If we want to compute the rank of all the columns except for "student", we can collect those into a list data type:

This would give:

out = grades.select([pl.concat_list(pl.all().exclude("student")).alias("all_grades")])
print(out)
    let out = grades
        .clone()
        .lazy()
        .select([concat_lst([all().exclude(["student"])]).alias("all_grades")])
        .collect()?;
    println!("{}", out);
shape: (4, 1)
┌────────────┐
│ all_grades │
│ ---        │
│ list[i64]  │
╞════════════╡
│ [10, 4, 8] │
├╌╌╌╌╌╌╌╌╌╌╌╌┤
│ [5, 6, 4]  │
├╌╌╌╌╌╌╌╌╌╌╌╌┤
│ [6, 2, 9]  │
├╌╌╌╌╌╌╌╌╌╌╌╌┤
│ [8, 7, 7]  │
└────────────┘

Running polars expression on list elements

We can run any polars expression on the elements of a list with the arr.eval (arr().eval in Rust) expression! These expressions run entirely on polars' query engine and can run in parallel so will be super fast.

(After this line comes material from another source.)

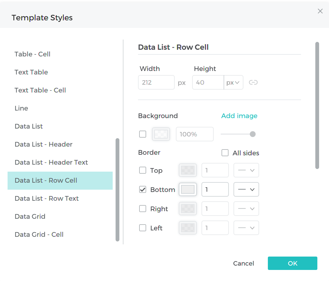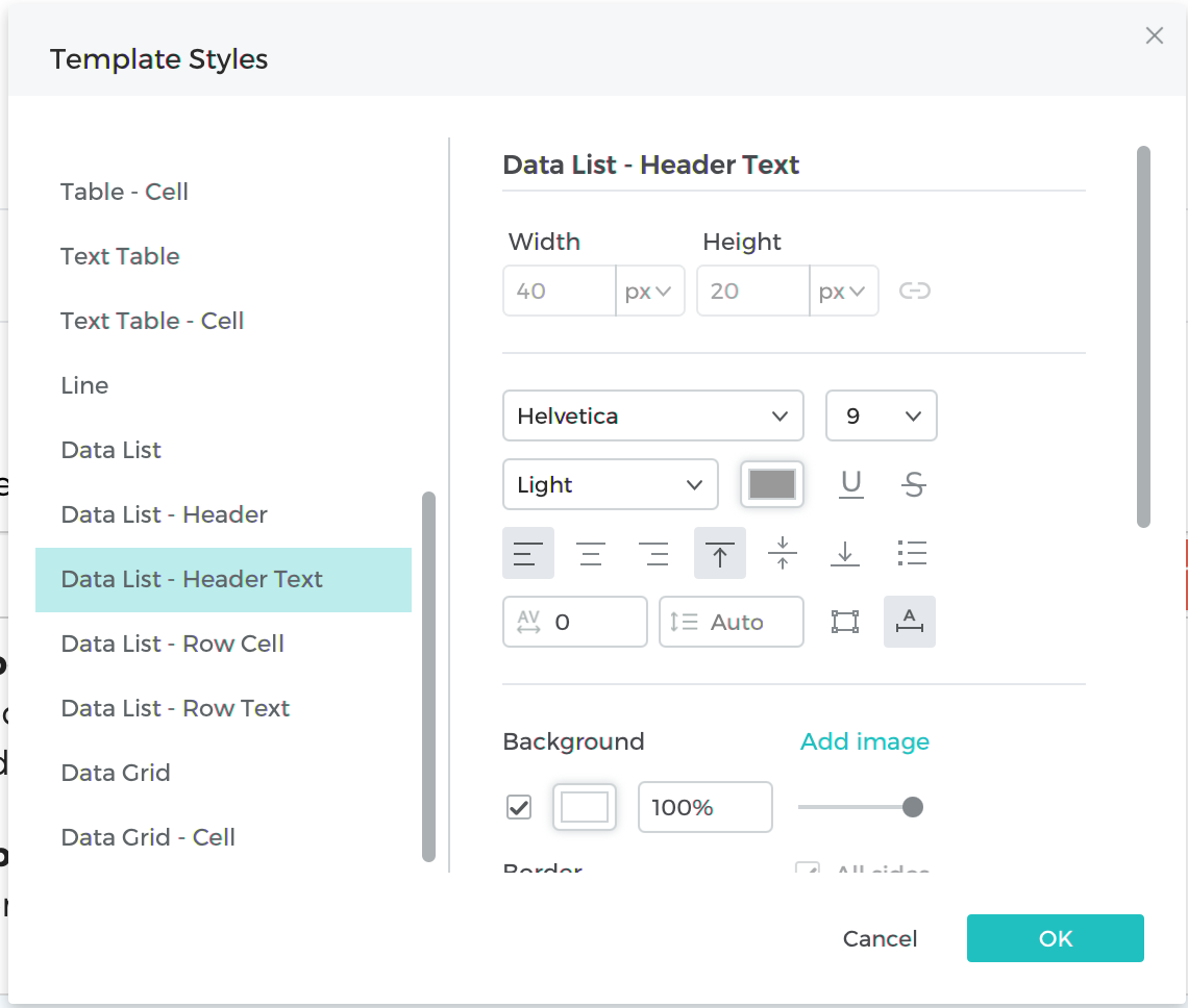 Hello - I've created a data list, and modified the default style properties for font size and colour - however now the default sizes are disabled for height and width.

Let's expand the example from above with something a little more interesting. Pandas allows you to compute the percentages of the rank values. Polars doesn't provide such a keyword argument. But because expressions are so versatile we can create our own percentage rank expression. Let's try that!

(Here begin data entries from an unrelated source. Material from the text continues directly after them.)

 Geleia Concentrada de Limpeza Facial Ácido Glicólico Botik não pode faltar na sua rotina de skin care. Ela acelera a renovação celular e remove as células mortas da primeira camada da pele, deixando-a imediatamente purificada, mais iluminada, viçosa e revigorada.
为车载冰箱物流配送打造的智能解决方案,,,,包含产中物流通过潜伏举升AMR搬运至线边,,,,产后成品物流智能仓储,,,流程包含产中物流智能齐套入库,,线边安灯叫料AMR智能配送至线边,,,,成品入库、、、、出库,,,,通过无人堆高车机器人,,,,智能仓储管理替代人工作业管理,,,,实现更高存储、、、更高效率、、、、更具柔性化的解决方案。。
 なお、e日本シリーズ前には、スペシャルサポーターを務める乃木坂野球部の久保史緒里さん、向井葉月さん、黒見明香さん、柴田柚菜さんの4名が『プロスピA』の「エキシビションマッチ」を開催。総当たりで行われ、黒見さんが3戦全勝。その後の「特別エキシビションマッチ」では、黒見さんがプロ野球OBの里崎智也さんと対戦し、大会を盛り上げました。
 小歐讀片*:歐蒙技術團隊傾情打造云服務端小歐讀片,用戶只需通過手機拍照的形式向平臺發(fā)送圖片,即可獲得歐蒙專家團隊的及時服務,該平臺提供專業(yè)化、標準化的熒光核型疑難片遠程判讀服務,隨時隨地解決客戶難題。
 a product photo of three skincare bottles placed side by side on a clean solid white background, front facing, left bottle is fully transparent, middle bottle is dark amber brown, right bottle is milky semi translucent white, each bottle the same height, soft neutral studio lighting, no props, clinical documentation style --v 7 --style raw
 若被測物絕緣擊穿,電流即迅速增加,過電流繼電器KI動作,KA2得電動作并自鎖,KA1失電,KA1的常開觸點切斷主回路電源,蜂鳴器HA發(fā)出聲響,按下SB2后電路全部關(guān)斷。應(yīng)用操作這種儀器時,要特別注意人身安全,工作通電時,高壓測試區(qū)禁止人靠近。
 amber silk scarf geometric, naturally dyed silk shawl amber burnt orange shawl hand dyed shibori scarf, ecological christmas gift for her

Note that we must select the list's element from the context. When we apply expressions over list elements, we use pl.element() to select the element of a list.

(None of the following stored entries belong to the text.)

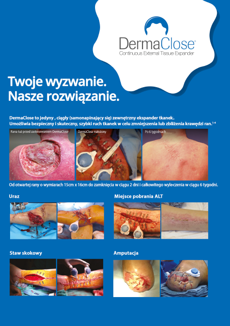 Ciągły, zewnętrzny ekspander tkanek DermaClose jest wskazany do stosowania w celu zmniejszania lub wspomagania zamykania ran pełnej grubości skóry. DermaClose to jedyny samozaciskający się zewnętrzny ekspander tkanek o kontrolowanej sile działania.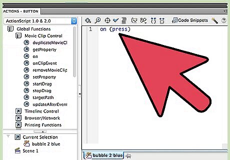 Determine when the action will occur. Events are timing cues that communicate to the program that something has happened. For buttons, these timing cues are executed by the mouse. The event is placed within the parens. Common mouse-related events include press: task is executed when the button is pressed; release: task is performed when mouse is released; rollOver: task is completed when mouse is rolled over the button. on (press)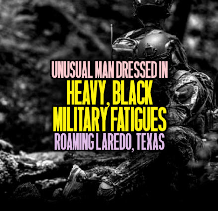 Unusual Man Dressed in HEAVY, BLACK MILITARY FATIGUES Roaming Laredo, Texas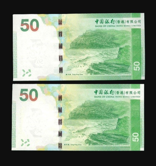 2015 香港中國銀行 $50 UNC 編號: CV000788-789(共2張,連號)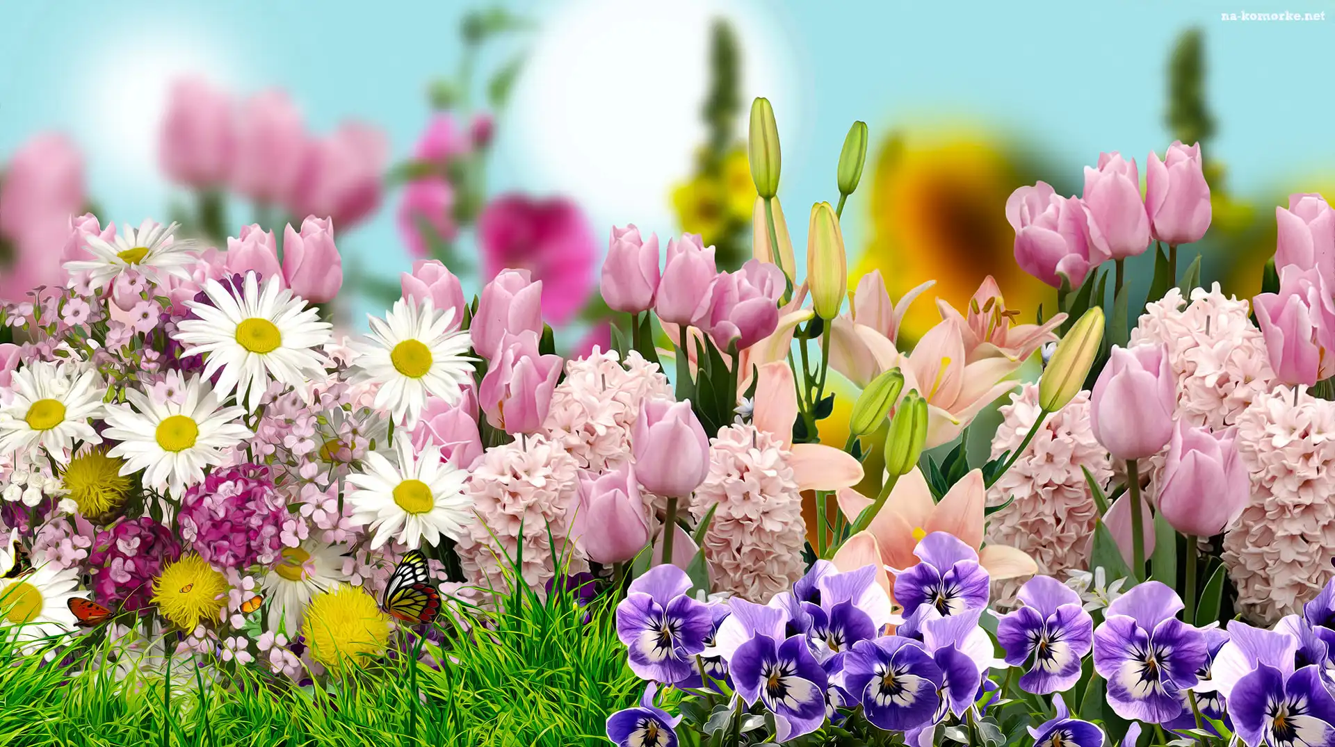 Kwiaty, Tulipany, 2D, Margerytki, Hiacynty, Bratki, Lilia na Komórkę

Also note that to use arr().eval in Rust requires the list_eval feature flag.

# the percentage rank expression
rank_pct = pl.element().rank(reverse=True) / pl.col("").count()


grades.with_column(
    # create the list of homogeneous data
    pl.concat_list(pl.all().exclude("student")).alias("all_grades")
).select([
    # select all columns except the intermediate list
    pl.all().exclude("all_grades"),
    # compute the rank by calling `arr.eval`
    pl.col("all_grades").arr.eval(rank_pct, parallel=True).alias("grades_rank")
])
    // the percentage rank expression
    let rank_opts = RankOptions {
        method: RankMethod::Average,
        descending: true,
    };
    let rank_pct = col("").rank(rank_opts) / col("").count().cast(DataType::Float32);

    let grades = grades
        .clone()
        .lazy()
        .with_column(
            // create the list of homogeneous data
            concat_lst([all().exclude(["student"])]).alias("all_grades"),
        )
        .select([
            // select all columns except the intermediate list
            all().exclude(["all_grades"]),
            // compute the rank by calling `arr.eval`
            col("all_grades")
                .arr()
                .eval(rank_pct, true)
                .alias("grades_rank"),
        ])
        .collect()?;
    println!("{}", grades);

This outputs:

shape: (4, 5)
┌─────────┬────────────┬─────────┬───────────┬────────────────────────────────┐
│ student ┆ arithmetic ┆ biology ┆ geography ┆ grades_rank                    │
│ ---     ┆ ---        ┆ ---     ┆ ---       ┆ ---                            │
│ str     ┆ i64        ┆ i64     ┆ i64       ┆ list [f32]                     │
╞═════════╪════════════╪═════════╪═══════════╪════════════════════════════════╡
│ bas     ┆ 10         ┆ 4       ┆ 8         ┆ [0.333333, 1.0, 0.666667]      │
├╌╌╌╌╌╌╌╌╌┼╌╌╌╌╌╌╌╌╌╌╌╌┼╌╌╌╌╌╌╌╌╌┼╌╌╌╌╌╌╌╌╌╌╌┼╌╌╌╌╌╌╌╌╌╌╌╌╌╌╌╌╌╌╌╌╌╌╌╌╌╌╌╌╌╌╌╌┤
│ laura   ┆ 5          ┆ 6       ┆ 4         ┆ [0.666667, 0.333333, 1.0]      │
├╌╌╌╌╌╌╌╌╌┼╌╌╌╌╌╌╌╌╌╌╌╌┼╌╌╌╌╌╌╌╌╌┼╌╌╌╌╌╌╌╌╌╌╌┼╌╌╌╌╌╌╌╌╌╌╌╌╌╌╌╌╌╌╌╌╌╌╌╌╌╌╌╌╌╌╌╌┤
│ tim     ┆ 6          ┆ 2       ┆ 9         ┆ [0.666667, 1.0, 0.333333]      │
├╌╌╌╌╌╌╌╌╌┼╌╌╌╌╌╌╌╌╌╌╌╌┼╌╌╌╌╌╌╌╌╌┼╌╌╌╌╌╌╌╌╌╌╌┼╌╌╌╌╌╌╌╌╌╌╌╌╌╌╌╌╌╌╌╌╌╌╌╌╌╌╌╌╌╌╌╌┤
│ jenny   ┆ 8          ┆ 7       ┆ 7         ┆ [0.333333, 0.833333, 0.833333] │
└─────────┴────────────┴─────────┴───────────┴────────────────────────────────┘

Note that this solution works for any expressions/operation you want to do row wise.